>>

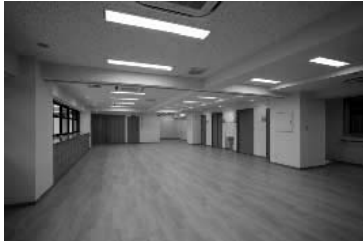
多目的1階ケアステーション
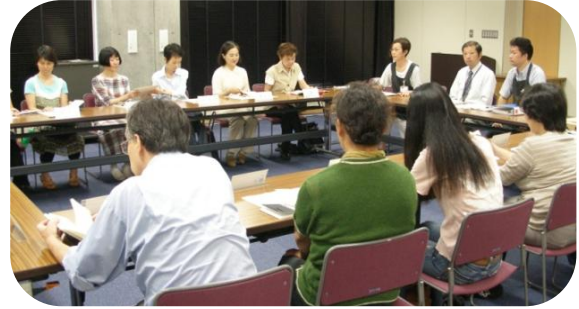
読書推進ボランティアのみなさん。(9/16説明会にて)
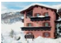
APPARTAMENTI Astra LIVIGNO Via Rin, 303 Tel. 0342/997.428 www.livigno.sh
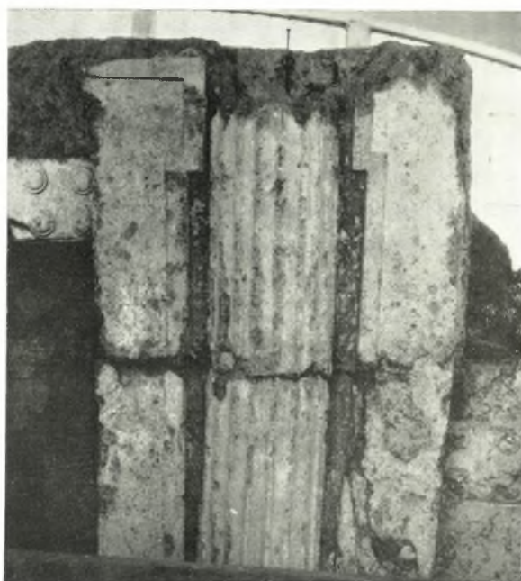
α. Μέρη ἡμικίονος καὶ τῶν ἐκατέρωθεν θυρωμάτων, μετὰ τὸν καθαρισμόν.
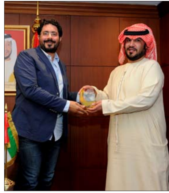
في مركز سلطان بن زايد
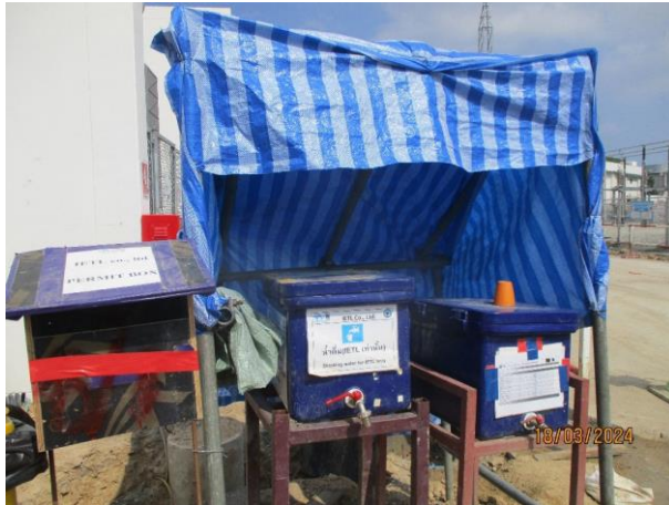
รูปที่ 2-39 น้ำดื่ม

<<

**Goal of the exercise:**
Apart from the pictures, restate all of the listing above exactly.

**Finished exercise:**
多目的1階ケアステーション
読書推進ボランティアのみなさん。(9/16説明会にて)
APPARTAMENTI Astra LIVIGNO Via Rin, 303 Tel. 0342/997.428 www.livigno.sh
α. Μέρη ἡμικίονος καὶ τῶν ἐκατέρωθεν θυρωμάτων, μετὰ τὸν καθαρισμόν.
في مركز سلطان بن زايد
รูปที่ 2-39 น้ำดื่ม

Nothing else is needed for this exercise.